What you will do >>
Apart from the pictures, everything in the lines below must be printed exactly.

——————

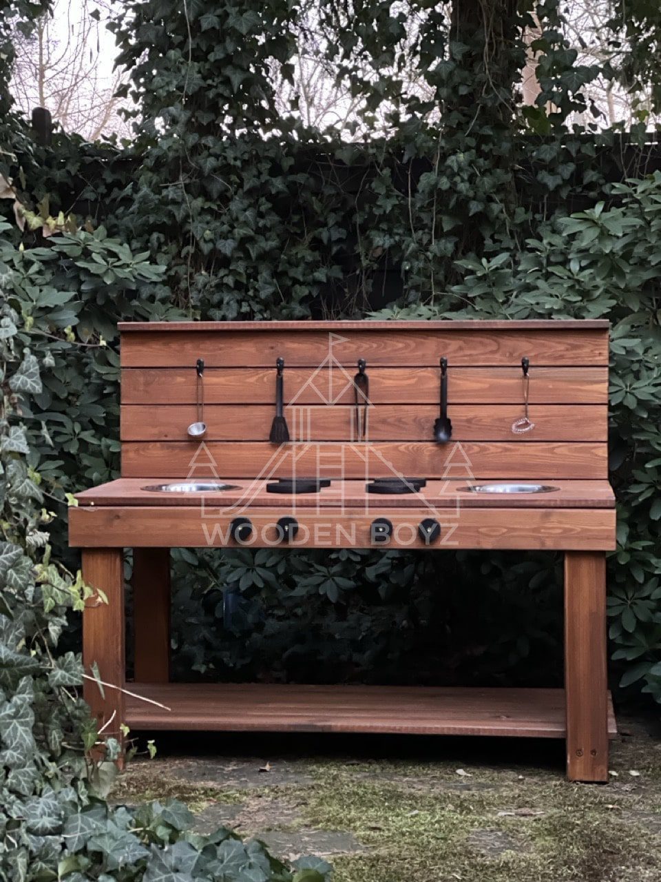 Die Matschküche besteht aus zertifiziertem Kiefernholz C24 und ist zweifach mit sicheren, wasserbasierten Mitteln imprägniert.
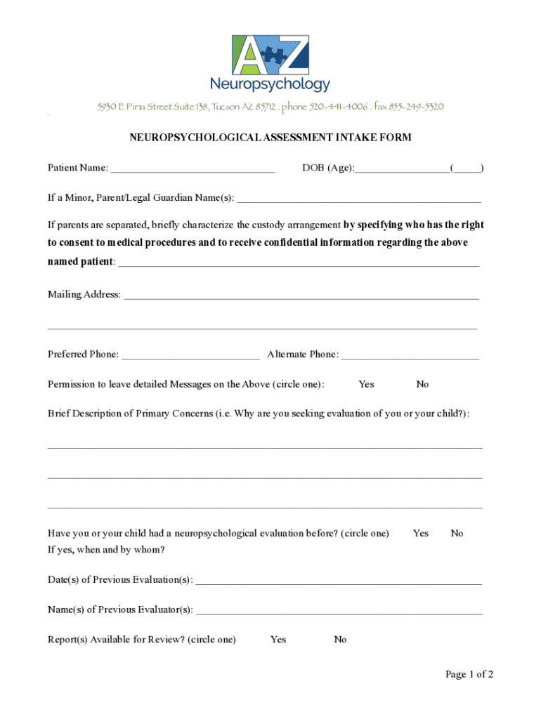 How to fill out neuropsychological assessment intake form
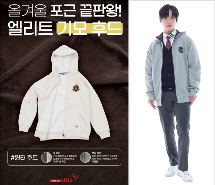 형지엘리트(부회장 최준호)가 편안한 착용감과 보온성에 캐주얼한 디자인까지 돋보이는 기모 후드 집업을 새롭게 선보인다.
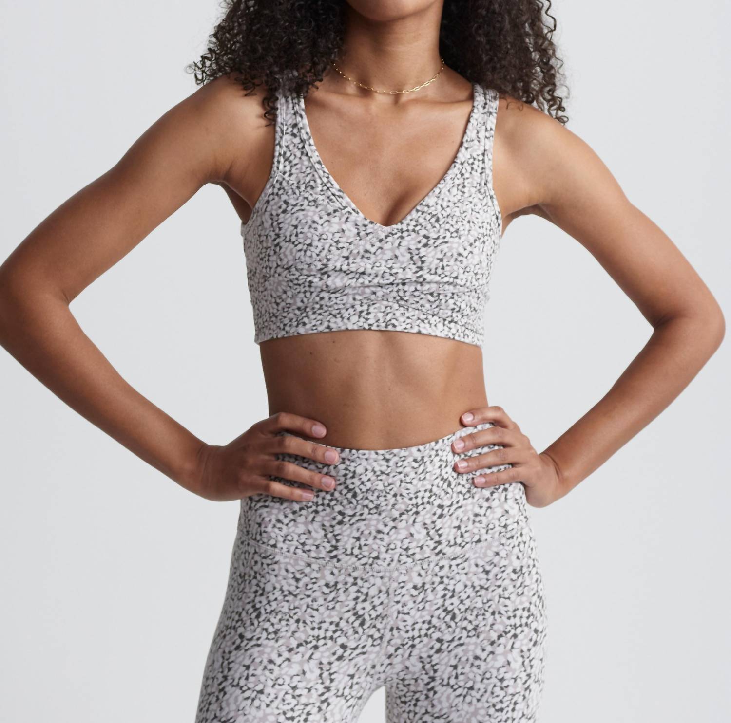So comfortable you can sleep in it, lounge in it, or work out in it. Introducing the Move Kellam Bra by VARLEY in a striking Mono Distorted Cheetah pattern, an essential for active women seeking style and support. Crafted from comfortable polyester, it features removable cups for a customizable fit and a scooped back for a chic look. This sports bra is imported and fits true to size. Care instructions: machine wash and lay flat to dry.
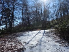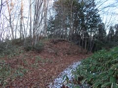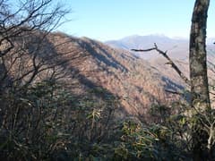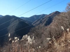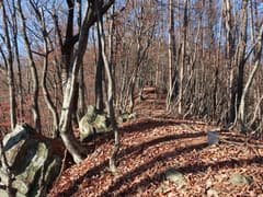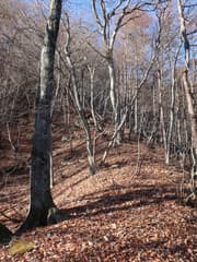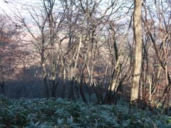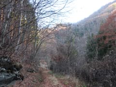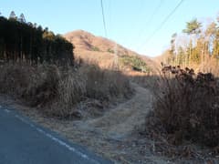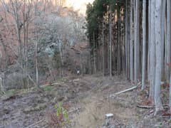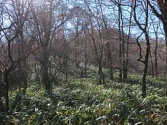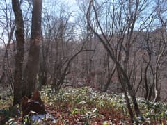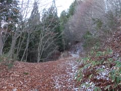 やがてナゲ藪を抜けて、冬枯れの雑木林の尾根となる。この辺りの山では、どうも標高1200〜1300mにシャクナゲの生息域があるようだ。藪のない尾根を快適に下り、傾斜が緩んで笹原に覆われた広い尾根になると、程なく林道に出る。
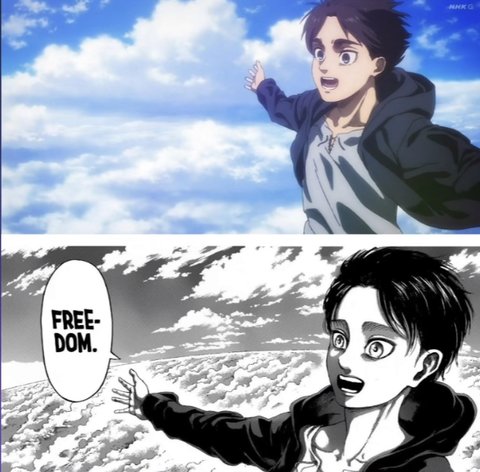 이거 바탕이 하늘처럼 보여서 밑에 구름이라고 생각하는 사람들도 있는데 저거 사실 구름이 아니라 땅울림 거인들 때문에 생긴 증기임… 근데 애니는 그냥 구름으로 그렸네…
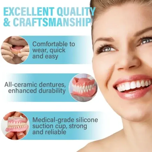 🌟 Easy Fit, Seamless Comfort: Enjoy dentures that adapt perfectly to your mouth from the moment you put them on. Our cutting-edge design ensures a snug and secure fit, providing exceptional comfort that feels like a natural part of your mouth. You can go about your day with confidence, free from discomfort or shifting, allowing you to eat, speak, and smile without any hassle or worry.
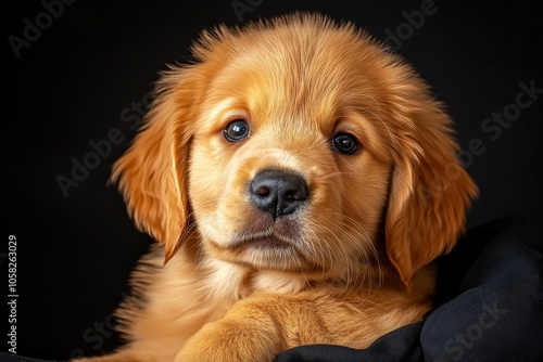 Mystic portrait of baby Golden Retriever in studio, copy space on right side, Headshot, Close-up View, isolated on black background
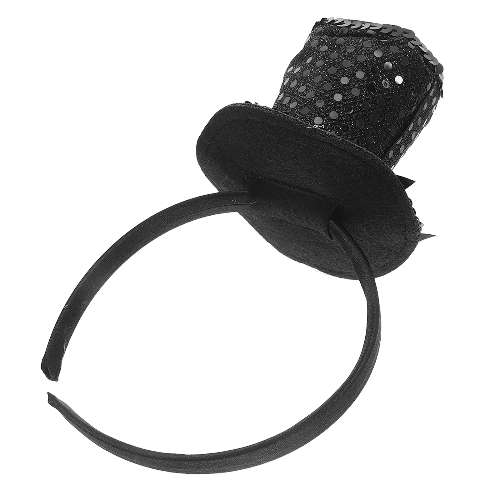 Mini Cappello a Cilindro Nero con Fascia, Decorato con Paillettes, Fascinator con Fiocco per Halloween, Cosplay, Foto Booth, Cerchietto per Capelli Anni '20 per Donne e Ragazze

——————

Response for this exercise >>
 Die Matschküche besteht aus zertifiziertem Kiefernholz C24 und ist zweifach mit sicheren, wasserbasierten Mitteln imprägniert.
 How to fill out neuropsychological assessment intake form
 형지엘리트(부회장 최준호)가 편안한 착용감과 보온성에 캐주얼한 디자인까지 돋보이는 기모 후드 집업을 새롭게 선보인다.
So comfortable you can sleep in it, lounge in it, or work out in it. Introducing the Move Kellam Bra by VARLEY in a striking Mono Distorted Cheetah pattern, an essential for active women seeking style and support. Crafted from comfortable polyester, it features removable cups for a customizable fit and a scooped back for a chic look. This sports bra is imported and fits true to size. Care instructions: machine wash and lay flat to dry.
 やがてナゲ藪を抜けて、冬枯れの雑木林の尾根となる。この辺りの山では、どうも標高1200〜1300mにシャクナゲの生息域があるようだ。藪のない尾根を快適に下り、傾斜が緩んで笹原に覆われた広い尾根になると、程なく林道に出る。
 이거 바탕이 하늘처럼 보여서 밑에 구름이라고 생각하는 사람들도 있는데 저거 사실 구름이 아니라 땅울림 거인들 때문에 생긴 증기임… 근데 애니는 그냥 구름으로 그렸네…
 🌟 Easy Fit, Seamless Comfort: Enjoy dentures that adapt perfectly to your mouth from the moment you put them on. Our cutting-edge design ensures a snug and secure fit, providing exceptional comfort that feels like a natural part of your mouth. You can go about your day with confidence, free from discomfort or shifting, allowing you to eat, speak, and smile without any hassle or worry.
 Mystic portrait of baby Golden Retriever in studio, copy space on right side, Headshot, Close-up View, isolated on black background
 Mini Cappello a Cilindro Nero con Fascia, Decorato con Paillettes, Fascinator con Fiocco per Halloween, Cosplay, Foto Booth, Cerchietto per Capelli Anni '20 per Donne e Ragazze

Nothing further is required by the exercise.